Anton Korinek and Lee Lockwood of the University of Virginia put together a primer with ideas about how public finance might work in the AI era. They propose that consumer taxes will pick up the slack at first, as labor income shrinks to zero. In a world dominated by artificial superintelligence, though, the footprint of human consumption would shrink as most of the returns from machines’ economic output were reinvested, calling for a tax on capital to shoulder most of the burden.

Maybe taxes could also be used to slow down the transition. Another idea discussed by Korinek and Joe Stiglitz from Columbia University is that in early stages, when human labor retains its relevance, taxes could be used to steer tech investments toward technologies that help workers do their jobs better rather than replace them. Korinek and Lockwood propose other taxes, on fixed factors like land, spectrum or data, or monopoly rents, that add nothing to society’s wellbeing.

It sounds doable. The problem is that the owners of these disruptive technologies must be convinced to do something that does not come naturally to them: share. Taxes in the US amount to less than 26% of GDP, 8 percentage points less than the OECD average. Capital taxation amounts to just over 2% of GDP. These numbers will have to go much higher, since people will no longer have wages to live on and will rely more heavily on government largesse.

Don’t hold your breath. The OECD’s global tax deal, finalized in 2021, was designed to curtail the ability of American tech companies such as Amazon, Google and Meta to engage in tax shifting, parking profits in the lowest tax jurisdiction they could find. But while the Biden administration was broadly supportive of the deal, Donald Trump – whose campaign benefited from nearly $400m in donations from various tech oligarchs – unilaterally withdrew in early 2025.

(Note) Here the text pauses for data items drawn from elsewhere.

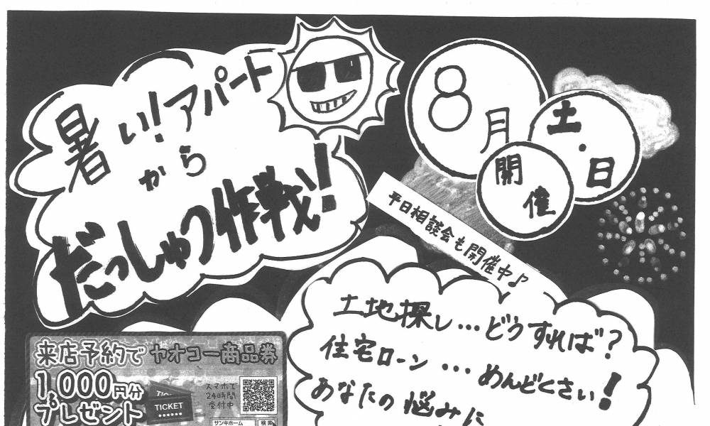 暑い!アパートからだっしゅつ作戦! 8月の土・日 開催 平日相談会も開催中!! 土地探し・・・どうすれば? 住宅ローン・・・めんどうくさい! あなたの悩みに私たちサンキホームのスタッフがトコトン向き合います … 続きを読む 暑い!アパートからだっしゅつ作戦!
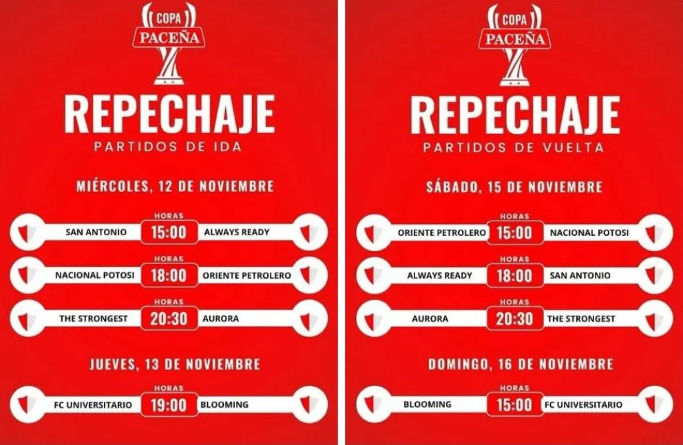 La Dirección de Competiciones de la Federación Boliviana de Fútbol (FBF) dio a conocer este lunes el cronograma de los duelos de ida y vuelta que sellarán el pase de los últimos equipos a cuartos de final.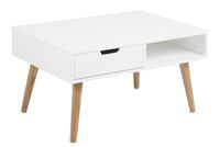 Niezwykle praktyczny, prosty i zachwycający stolik kawowy Mitra to doskonały mebel, który ułatwi porządkowanie Twoich rzeczy i umili czas spędzony w salonie. Zrobiony z wysokiej jakości płyty MDF z szufladą ułatwiającą uporządkowanie rzeczy oraz półką prezentuje się stylowo.Nogi wykonane zostały z drewna dębowego. Doskonale sprawdzi się w każdym pomieszczeniu. Wysokość: 45,5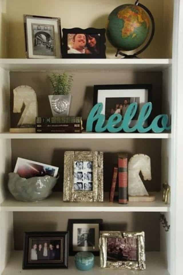 زوقي المكتبة بالإكسسوارات في الأماكن الفارغة، مثل الكرة الأرضية أو التماثيل…

Unusual ideas may be called for to keep society afloat, given the scale and breadth of the expected AI revolution. One would be to directly distribute the equity of artificial intelligence ventures. Taxes might be collected in shares rather than cash, to amass a public stake over time. Rather than tax the returns on AI investments, a more radical proposal would be for the government to expropriate a chunk of equity upfront to redistribute among the population and directly grant Americans a share in AI’s promised cornucopia.

“If AI development stalls, returns remain modest; if AI transforms the economy, returns are likely to rise,” Korineck and Lockwood wrote. “This automatic adjustment proves valuable given radical uncertainty surrounding AI development.”

But these big ideas face big challenges. Governments will have to act before artificial intelligence gets too big, which seems unlikely in the current climate.

The technology oligarchs at the helm of this revolution have also vigorously resisted government efforts to curb their power or take their cash. Despite her best efforts, Silicon Valley nemesis Lina Kahn was largely unable to crack tech monopolies during her stint as President Joe Biden’s main trustbuster at the head of the Federal Trade Commission.

In the meantime, the moneyed in Silicon Valley are not only mobilizing vast resources to steer American politics. As a plan B they are working to build their own “network-states”, whether in Greenland or Nigeria, Honduras or the Caribbean island of Nevis, hoping to evade democratic governance if they can’t get their way under America’s democracy.

Who knows what they might do when they have replaced all human labor. If artificial intelligence grows as powerful as Silicon Valley’s oligarchs expect it to become, the only available strategy to keep us all fed in the world after work might be to go hat in hand and ask the moguls, politely.